In the research and industry community, efforts have been made to apply AI into imaging-based pipeline of for the COVID-19 applications. However, many existing AI studies for segmentation and diagnosis are based on small samples and based on single data source, which may lead to the overfitting of results. To make the results clinically applicable, a large amount of data from different sources shall be collected for evaluation. Moreover, many studies only provide classification prediction without providing segmentation or heatmap which makes AI systems lack explainability. By providing the segmentation, we aim to fill this void, enhancing the promotion of AI in clinical practice. On the other hand, the imaging-based diagnosis has limitations and clinicians make the diagnosis considering clinical symptoms also. An AI system can be largely enhanced with incorporation of patient clinical parameters [mei2020artificial] such as blood oxygen level, body temperature, to further enhanced the capability to accurately diagnose pathological conditions.

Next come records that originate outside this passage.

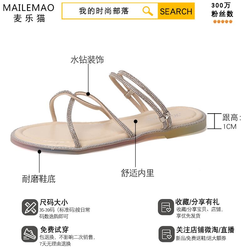 サンダル女性2020夏の新しいinsバージョン野生のラインストーンファッションネットレッドローマフラットボトム2摩耗スリッパ 部族の婦人靴4578383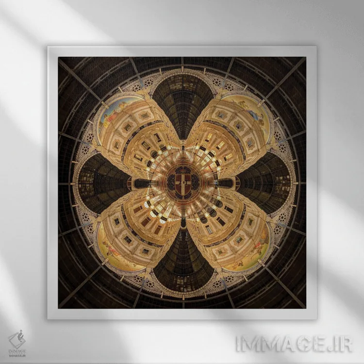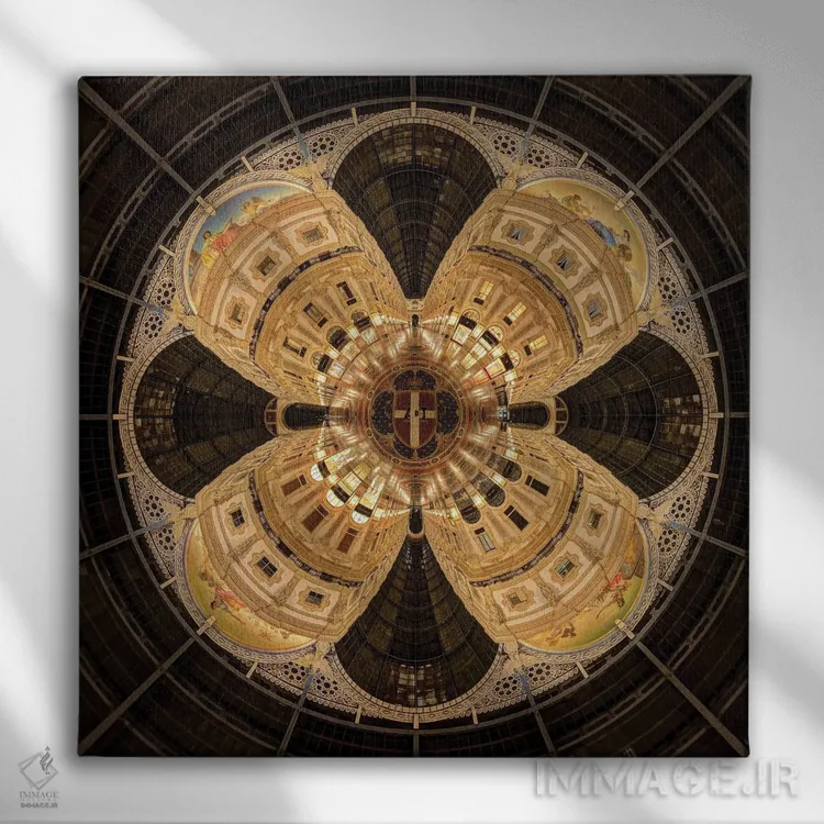 تابلو دکوراتیوِ «کاخ معماری قدیمی گالریا ویتوریو امانوئله در میلان، ایتالیا» با موضوعِ این اثر؛ یک یادآوری دلنشین از فضاهای شهری و سفر اثرِ «آلساندرو دلا توره».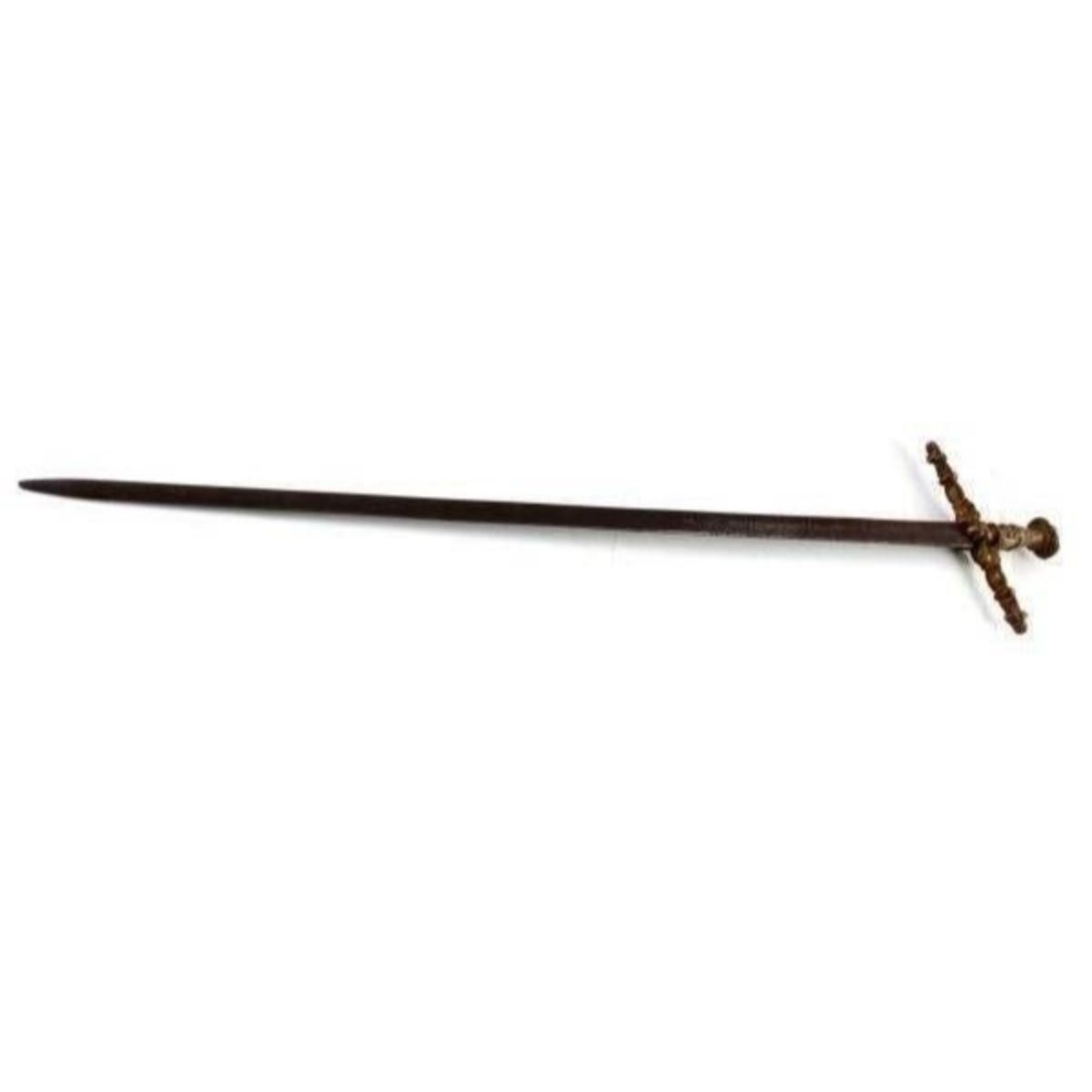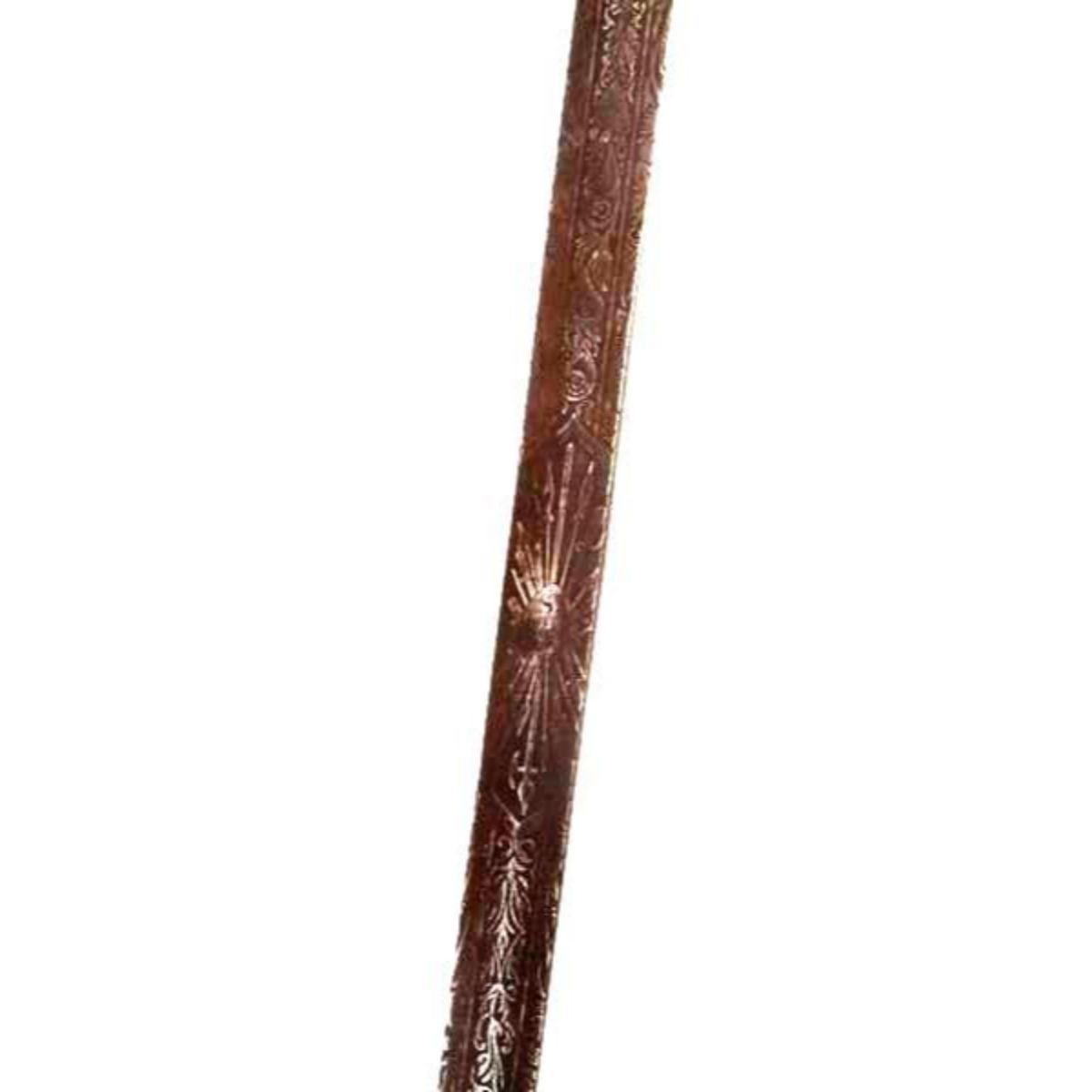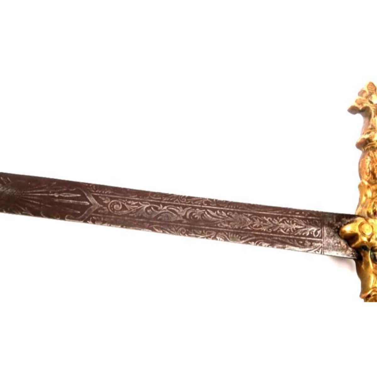 Heavy but balanced brass grip, patinated, dark but very well etched blade, thick not finished edge, has a monogram that appears to read PLS. Measures 41".Â

WHO has recommended[who2020-chest] a few scenarios where chest-imaging can play an important role in care delivery. From the triage perspective, WHO suggests using chest imaging for the diagnostic workup of COVID-19 when PCR testing is not available (timely) or is negative while patients have relevant symptoms. In this case, the classification support from our AI can aid radiologists to identify COVID-19 patients. From monitoring or temporal perspective, for patients with suspected or confirmed COVID-19, WHO suggests using chest imaging in addition to clinical and laboratory assessment to decide on hospital admission versus home discharge, to decide on regular admission versus intensive care unit (ICU) admissions, to inform the therapeutic management. In these scenarios, accurate segmentation of disease regions is essential for the evaluations.
The COVID-19 disease continues to spread around the whole world. Medical imaging and corresponding artificial intelligence applications together with clinical indicators provides solutions for triage, risk analysis and temporal analysis. This study provides a solution from multi-modal perspective to leverage the CT information but to inference on X-ray to avoid the necessity of taking CT imaging because of limited accessibility, dose and decontamination concern. Future work focusses on leveraging paired CT information to estimate severity and other higher dimensional measures. We believe that our study introduces a new trend of combinating multi-modal training and single-modality inference. Although this study tries to leverage CT information as much as possible to aid the data-driven AI solution on X-rays, it should be noted that the extraction of relevant information is limited by the nature of X-ray imaging because of 2D projection as well as impaired visibility with the presence of the non-lung thick tissue. In addition different vendors may apply varying post-processing algorithms to suppress information on those thick tissue regions. To avoid information loss, our AI may be deployed directly on X-ray hardware with direct access to X-ray raw images for ideal translation to the clinic.